| Ian Fasel
|
5
|
 |
|
10-25-2001 03:26 AM ET (US)
|
|
I've been on an implementation of this very face detector in my lab. Here are a few comments that might be illuminating:
1) Finding the best threshold for each feature takes a long time, because even though the search for a good threshold can be done very quickly (using, e.g., golden section search), there are over 160,000 possible features in a 24x24 box. On a 1GHz Athlon this takes 2.7 hours per round of AdaBoost. To overcome this, some sampling was done. Here's Michale Jones' explanation: "To get down to 43,000 features we subsampled by only taking every other feature (I think we only took features whose top, left corner was on an even numbered pixel). We did this solely for speed reasons - if you can use all 160,000 features your resulting detector might be better. Also, during each iteration of Adaboost, the algorithm had a 10% chance of considering any particular feature. In other words we only looked at about 10% of the 43,000 features on each iteration of Adaboost. Again, this is solely for speed reasons."

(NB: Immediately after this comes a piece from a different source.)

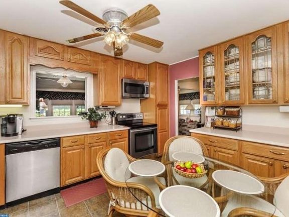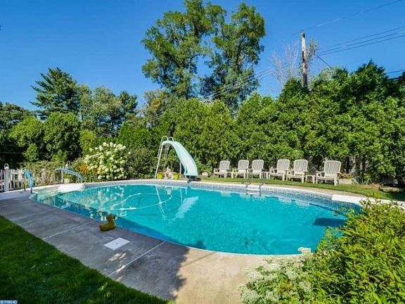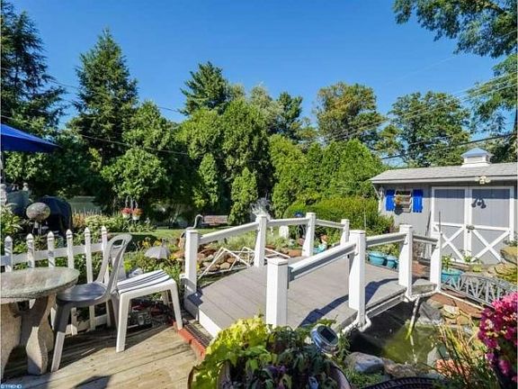 Offering a great location for commuting to Philadelphia or Princeton and walking to nearby stores and schools 5 Rita Road is ready to welcome you home. This spacious four-bedroom home with great outdoor living including a swimming pool has a long covered porch overlooking the neighborhood. Stepping inside, the foyer opens to a large living room that fills with light and allows for varied furniture arrangements to suit your style. Ready to host all your formal dining occasions the banquet style dining room is quite spacious, has a stunning chandelier and flows into the sunroom where banks of windows bring in the backyard views and plenty of soft natural light. This well-appointed space also includes bar stool seating under the kitchen cut-out and an exterior door to the patio. The kitchen provides plenty of cabinetry with several beautiful leaded glass inserts, stainless steel appliances including an over the range microwave and ample room to create a breakfast area. Upstairs takes us to four bedrooms and two full baths. The master suite gives the owners a vast, serene space for rest and relaxation along with a private bath. Three additional bedrooms all enjoy lighted ceiling fans and large bi-fold closets. A shared nicely renovated hall bath with jetted tub, double vanity and separate glass shower features beautiful tile work with beaded trim and a linen closet. The lower level is a wonderful area for casual entertaining as the three-sided wet bar adds a spirited conversation area. You also have a powder room with natural light on this level, extra closets and the garage entry. In addition, there is a full basement for all the storage you could need. The two car garage has been transformed to a living space but could easily be converted back for parking and a workbench area. Ready for summer fun the backyard with pool including a fun slide and diving board is framed in privacy landscaping to give you an oasis-style resort feel. There is also a quick access changing room for swimmers. A walking bridge over the koi pond, a large grassy knoll for yard games, plus an expansive patio and deck area that can host numerous seating arrangements while, a whole house generator provides complete peace of mind through any storm. Added bonus: hardwood floors under carpeting in most of the house. Call today to see 5 Rita Road in person, this home will not last long.

2) Deciding when to branch to the next level of the cascade is also very tricky, and is not explained well in the paper. The algorithm they give is fine, however choosing the final required performance for each cascade level is not obvious. There are tradeoffs: having fewer features early on gives you excellent speed benefits. However, each time you branch, you take a hit in accuracy on positive detections, and these hits accumulate quickly. Thus, this is a force pushing you to have more features and fewer branches. Viola and Jones' method is very ad hoc and makes the work difficult to reproduce (even for Paul Viola!), so there is much room for improvement here.
3) AdaBoost tries to minimize classification error, however the cascade algorithm tries to minimize false detections while attempting to keep correct detect rate high. This makes sense since, compared to the set of all natural images, faces are very rare. Thus, it seems that AdaBoost should be modified to make this the explicit goal.
|